- Kurudi Location in Karnataka, India Kurudi Kurudi (India)
- Coordinates: 13°37′23″N 77°22′54″E﻿ / ﻿13.6231484°N 77.38176°E
- Country: India
- State: Karnataka
- District: Chikkaballapura
- Talukas: Gauribidanur
- Elevation: 684 m (2,244 ft)

Population (2011)
- • Total: 2,870

Languages
- • Official: Kannada
- Time zone: UTC+5:30 (IST)
- PIN: 561210
- Telephone code: 08155
- Vehicle registration: KA 40
- Lok Sabha constituency: Chikballapur (Lok Sabha constituency)

= Kurudi, Gauribidanur =

Village in Chickballpur District

Kurudi is a village in the southern state of Karnataka, India. It is located in the Gauribidanur taluk of Chikkaballapura district in Karnataka.
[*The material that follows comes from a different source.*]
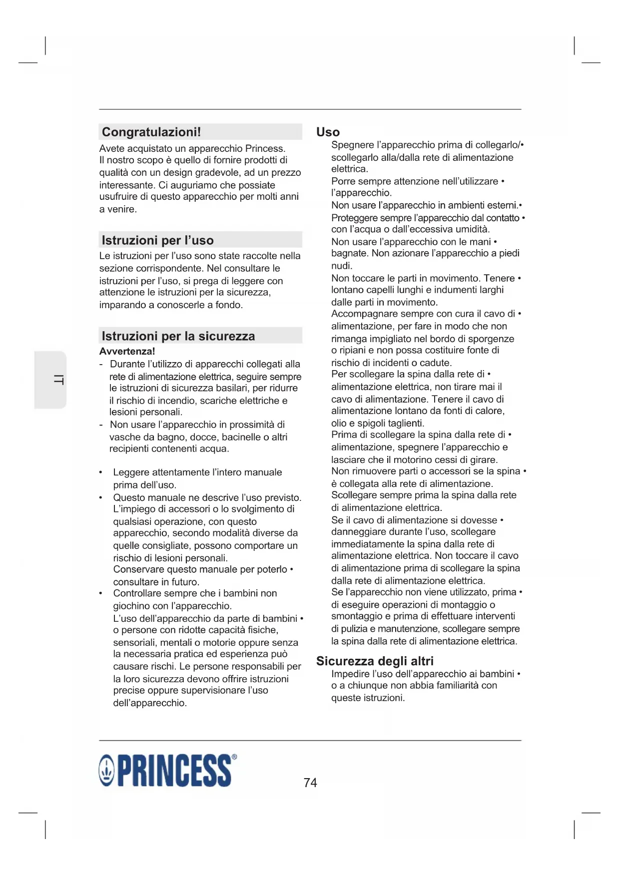Uso Spegnere l’apparecchio prima di collegarlo/ scollegarlo alla/dalla rete di alimentazione elettrica. Porre sempre attenzione nell’utilizzare l’apparecchio. Non usare l’apparecchio in ambienti esterni. Proteggere sempre l’apparecchio dal contatto con l’acqua o dall’eccessiva umidità. Non usare l’apparecchio con le mani bagnate. Non azionare l’apparecchio a piedi nudi. Non toccare le parti in movimento. Tenere lontano capelli lunghi e indumenti larghi dalle parti in movimento. Accompagnare sempre con cura il cavo di alimentazione, per fare in modo che non rimanga impigliato nel bordo di sporgenze o ripiani e non possa costituire fonte di rischio di incidenti o cadute. Per scollegare la spina dalla rete di alimentazione elettrica, non tirare mai il cavo di alimentazione. Tenere il cavo di alimentazione lontano da fonti di calore, olio e spigoli taglienti. Prima di scollegare la spina dalla rete di alimentazione, spegnere l’apparecchio e lasciare che il motorino cessi di girare. Non rimuovere parti o accessori se la spina è collegata alla rete di alimentazione. Scollegare sempre prima la spina dalla rete di alimentazione elettrica. Se il cavo di alimentazione si dovesse danneggiare durante l’uso, scollegare immediatamente la spina dalla rete di alimentazione elettrica. Non toccare il cavo di alimentazione prima di scollegare la spina dalla rete di alimentazione elettrica. Se l’apparecchio non viene utilizzato, prima di eseguire operazioni di montaggio o smontaggio e prima di effettuare interventi di pulizia e manutenzione, scollegare sempre la spina dalla rete di alimentazione elettrica. Sicurezza degli altri Impedire l’uso dell’apparecchio ai bambini o a chiunque non abbia familiarità con queste istruzioni. Congratulazioni! Avete acquistato un apparecchio Princess. Il nostro scopo è quello di fornire prodotti di qualità con un design gradevole, ad un prezzo interessante. Ci auguriamo che possiate usufruire di questo apparecchio per molti anni a venire. Istruzioni per l’uso Le istruzioni per l’uso sono state raccolte nella sezione corrispondente. Nel consultare le istruzioni per l’uso, si prega di leggere con attenzione le istruzioni per la sicurezza, imparando a conoscerle a fondo. Istruzioni per la sicurezza Avvertenza! - Durante l’utilizzo di apparecchi collegati alla rete di alimentazione elettrica, seguire sempre le istruzioni di sicurezza basilari, per ridurre il rischio di incendio, scariche elettriche e lesioni personali. - Non usare l’apparecchio in prossimità di vasche da bagno, docce, bacinelle o altri recipienti contenenti acqua. Leggere attentamente l’intero manuale prima dell’uso. Questo manuale ne descrive l’uso previsto. L’impiego di accessori o lo svolgimento di qualsiasi operazione, con questo apparecchio, secondo modalità diverse da quelle consigliate, possono comportare un rischio di lesioni personali. Conservare questo manuale per poterlo consultare in futuro. Controllare sempre che i bambini non giochino con l’apparecchio. L’uso dell’apparecchio da parte di bambini o persone con ridotte capacità fisiche, sensoriali, mentali o motorie oppure senza la necessaria pratica ed esperienza può causare rischi. Le persone responsabili per la loro sicurezza devono offrire istruzioni precise oppure supervisionare l’uso dell’apparecchio.

It is situated 18 km away from sub-district headquarter Gauribidanur and 53 km away from district headquarter Chikkaballapura.

==Demographics==
According to Census 2011 information the location code or village code of Kurudi village is 623199. Kurudi village is also a gram panchayat. Villages comes under Kurudi gram Panchayat are Ranganahalli, Kadirenahalli, Hosa Upparahalli, Dronakunte, Kurudi and Anudi.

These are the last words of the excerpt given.